Top of Collected data

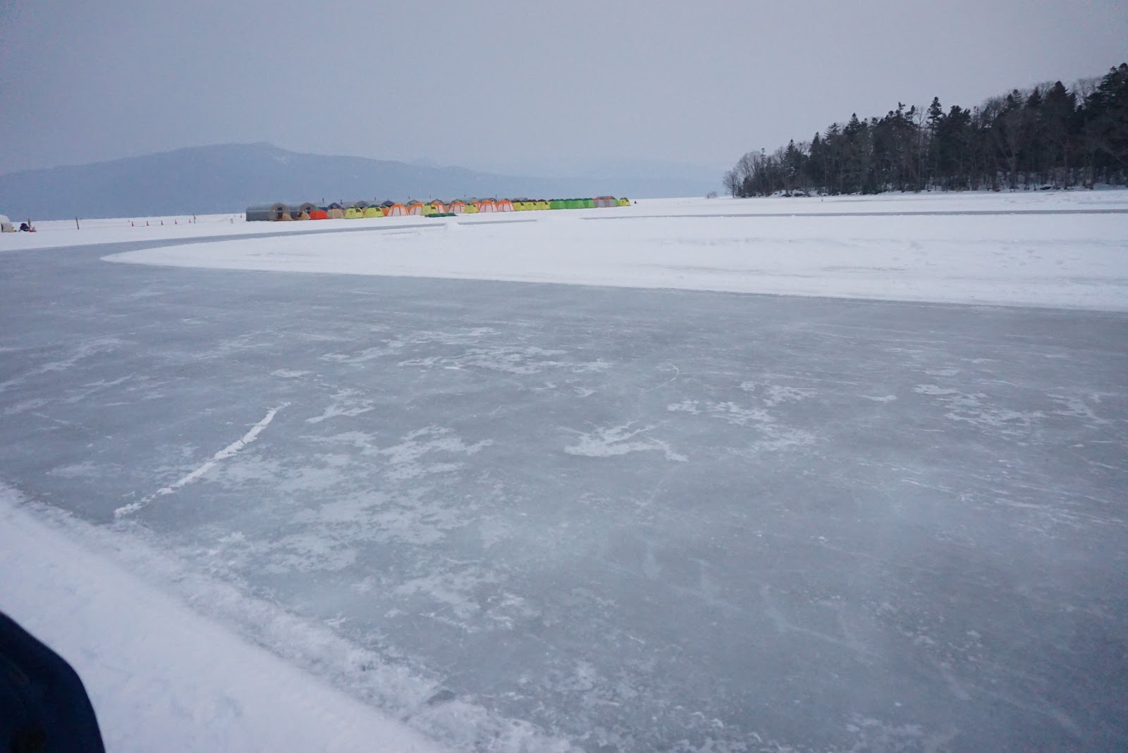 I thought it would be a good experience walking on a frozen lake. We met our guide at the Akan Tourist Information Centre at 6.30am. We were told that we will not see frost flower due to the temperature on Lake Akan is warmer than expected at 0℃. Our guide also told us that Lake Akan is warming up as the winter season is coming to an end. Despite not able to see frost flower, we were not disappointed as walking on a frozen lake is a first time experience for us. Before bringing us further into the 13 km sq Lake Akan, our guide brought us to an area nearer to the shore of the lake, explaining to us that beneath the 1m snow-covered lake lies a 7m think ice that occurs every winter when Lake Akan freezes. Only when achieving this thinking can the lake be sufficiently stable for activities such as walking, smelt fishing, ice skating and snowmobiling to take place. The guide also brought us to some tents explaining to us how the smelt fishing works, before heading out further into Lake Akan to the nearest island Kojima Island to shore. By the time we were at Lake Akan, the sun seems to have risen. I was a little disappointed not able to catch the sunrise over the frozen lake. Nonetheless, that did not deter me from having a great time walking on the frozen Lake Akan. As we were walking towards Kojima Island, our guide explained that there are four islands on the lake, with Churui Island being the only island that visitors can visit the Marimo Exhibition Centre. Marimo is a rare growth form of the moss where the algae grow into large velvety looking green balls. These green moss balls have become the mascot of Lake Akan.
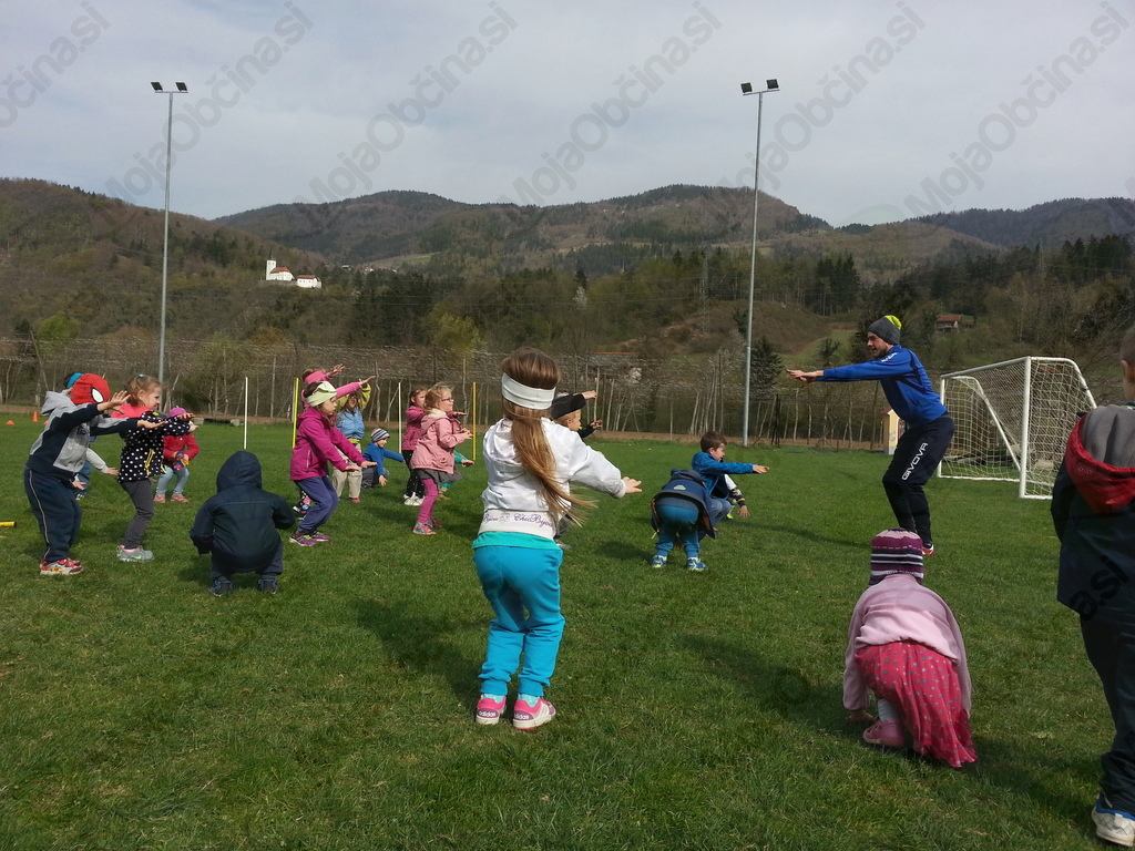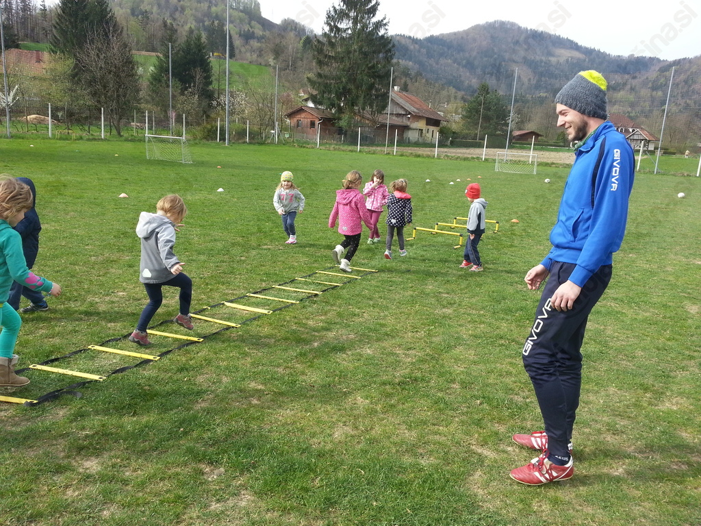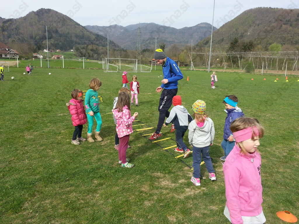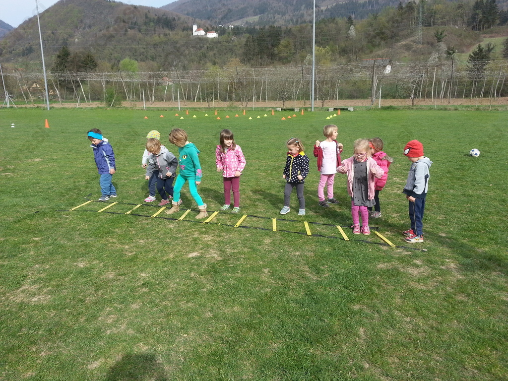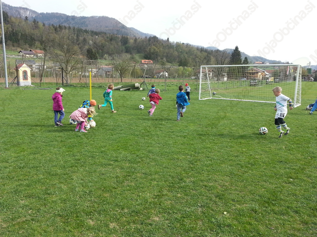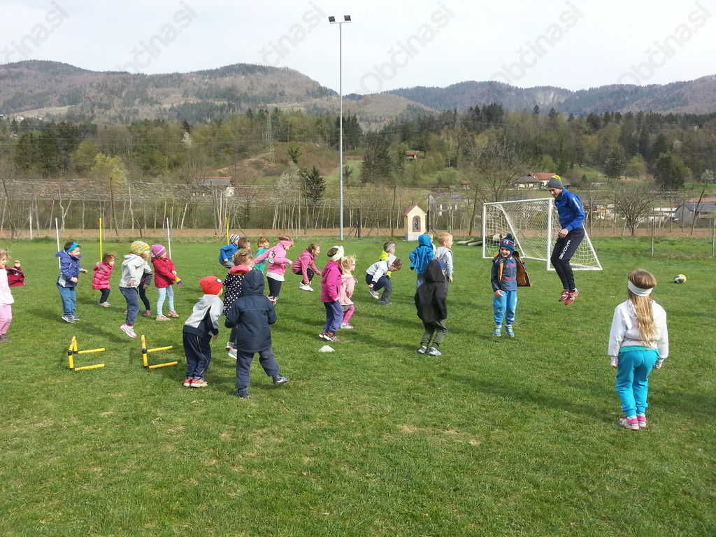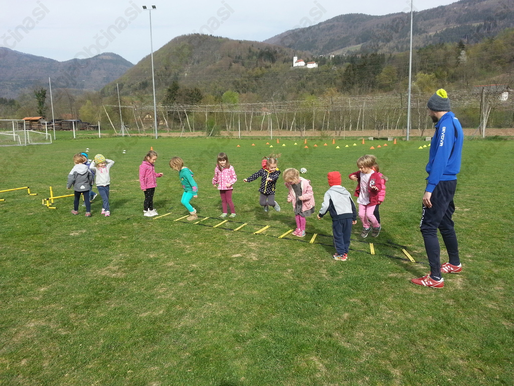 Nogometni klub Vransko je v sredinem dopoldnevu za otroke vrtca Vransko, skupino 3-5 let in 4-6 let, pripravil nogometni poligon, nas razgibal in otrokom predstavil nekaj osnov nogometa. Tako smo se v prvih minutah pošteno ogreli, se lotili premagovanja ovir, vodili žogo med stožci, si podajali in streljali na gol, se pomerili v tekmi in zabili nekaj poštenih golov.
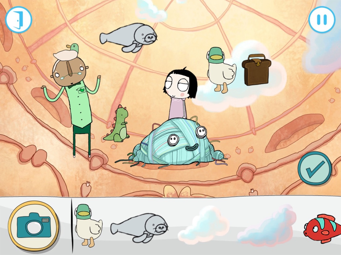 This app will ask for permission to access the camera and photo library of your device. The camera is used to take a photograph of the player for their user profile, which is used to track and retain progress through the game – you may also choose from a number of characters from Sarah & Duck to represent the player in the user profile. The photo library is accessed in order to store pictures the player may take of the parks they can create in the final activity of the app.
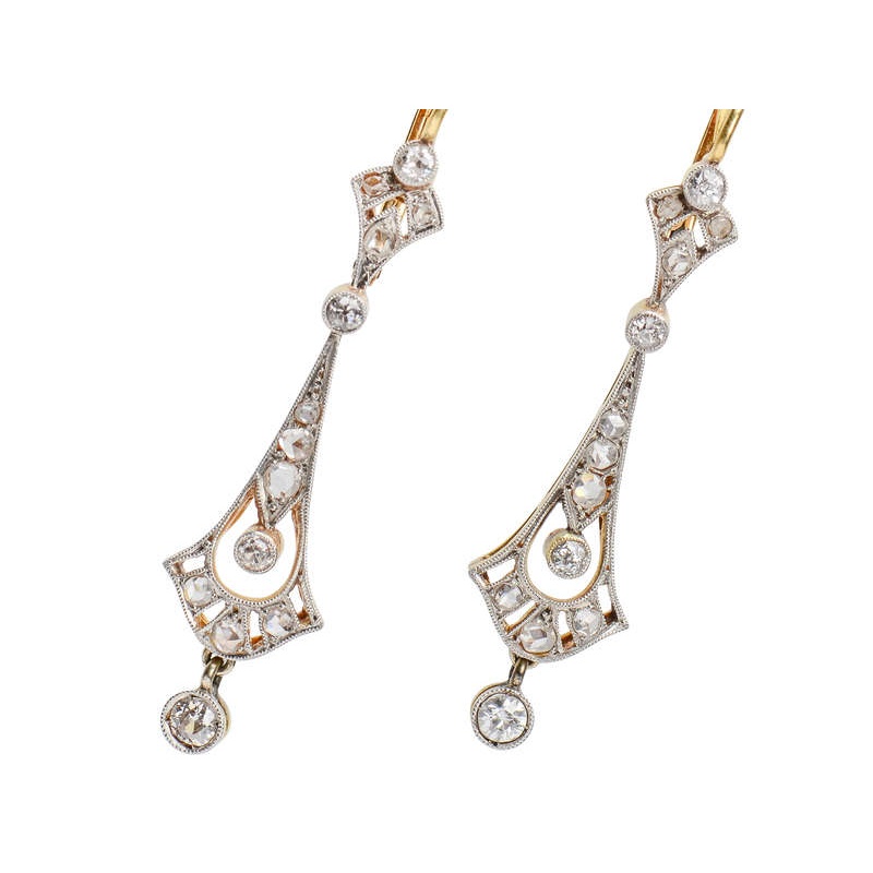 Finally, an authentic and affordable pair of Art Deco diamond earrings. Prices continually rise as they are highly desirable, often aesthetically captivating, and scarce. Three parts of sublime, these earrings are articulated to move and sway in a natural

Bottom of Collected data

◆ **Description of the task**: Print the data above exactly, from its first line to the line bearing "Nogometni klub Vransko" inclusive, and keep pictures out of the result.

◆ **Exercise solution**:
 I thought it would be a good experience walking on a frozen lake. We met our guide at the Akan Tourist Information Centre at 6.30am. We were told that we will not see frost flower due to the temperature on Lake Akan is warmer than expected at 0℃. Our guide also told us that Lake Akan is warming up as the winter season is coming to an end. Despite not able to see frost flower, we were not disappointed as walking on a frozen lake is a first time experience for us. Before bringing us further into the 13 km sq Lake Akan, our guide brought us to an area nearer to the shore of the lake, explaining to us that beneath the 1m snow-covered lake lies a 7m think ice that occurs every winter when Lake Akan freezes. Only when achieving this thinking can the lake be sufficiently stable for activities such as walking, smelt fishing, ice skating and snowmobiling to take place. The guide also brought us to some tents explaining to us how the smelt fishing works, before heading out further into Lake Akan to the nearest island Kojima Island to shore. By the time we were at Lake Akan, the sun seems to have risen. I was a little disappointed not able to catch the sunrise over the frozen lake. Nonetheless, that did not deter me from having a great time walking on the frozen Lake Akan. As we were walking towards Kojima Island, our guide explained that there are four islands on the lake, with Churui Island being the only island that visitors can visit the Marimo Exhibition Centre. Marimo is a rare growth form of the moss where the algae grow into large velvety looking green balls. These green moss balls have become the mascot of Lake Akan.
 Nogometni klub Vransko je v sredinem dopoldnevu za otroke vrtca Vransko, skupino 3-5 let in 4-6 let, pripravil nogometni poligon, nas razgibal in otrokom predstavil nekaj osnov nogometa. Tako smo se v prvih minutah pošteno ogreli, se lotili premagovanja ovir, vodili žogo med stožci, si podajali in streljali na gol, se pomerili v tekmi in zabili nekaj poštenih golov.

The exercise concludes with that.